Musica Infedele ecc. ecc. è la sua autobiografia. Adoro le autobiografie dei musicisti, non perché svelino segreti straordinari o siano sincere o anche solo attendibili, ma perché aiutano molto a inquadrare la personalità di musicisti che per lo più conosciamo solo attraverso i loro dischi. Certo, siccome il talento è specifico, salta fuori che la maggior parte dei musicisti non sa scrivere in prosa, e quasi sempre si fanno aiutare nella loro impresa da ghost writer o, peggio, da scrittori professionisti americani di biografie, la cui scrittura è eccitante quanto una ragazza fredda e una birra calda.
A volte ti rendi conto che il musicista è un idiota, altre volte il contrario. Un musicista che ha scritto di proprio pugno la sua autobiografia è Chuck Berry, probabilmente soprattutto perché non voleva pagare nessuno che lo facesse. Berry è il poeta laureato del rock'n'roll, e le sue liriche sono da antologia.
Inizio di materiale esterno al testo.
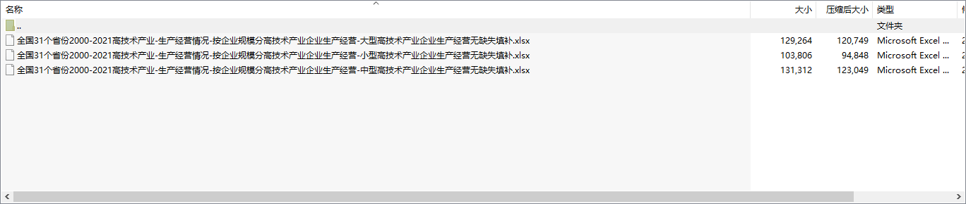 全国31个省份2021-2000高技术产业:分别是大型、中型、小型企业生产经营出口交货值、从.zip

Nel libro si dimostra al contrario una persona molto semplice, e questo è una conferma di più della mia teoria che il talento è estremamente specifico, e largamente indipendente dal livello di cultura.
L'unico musicista di cui ho letto una autobiografia memorabile e sicuramente autografa è Bob Dylan, che scrive in prosa con il medesimo talento che ci mette nelle liriche.
Anche il libro di Costello è sicuramente scritto da lui, perché non segue nessuno dei cliché dei ghost writer di professione. D'altra parte Costello è britannico e non americano, e questo qualche cosa vorrà ben dire.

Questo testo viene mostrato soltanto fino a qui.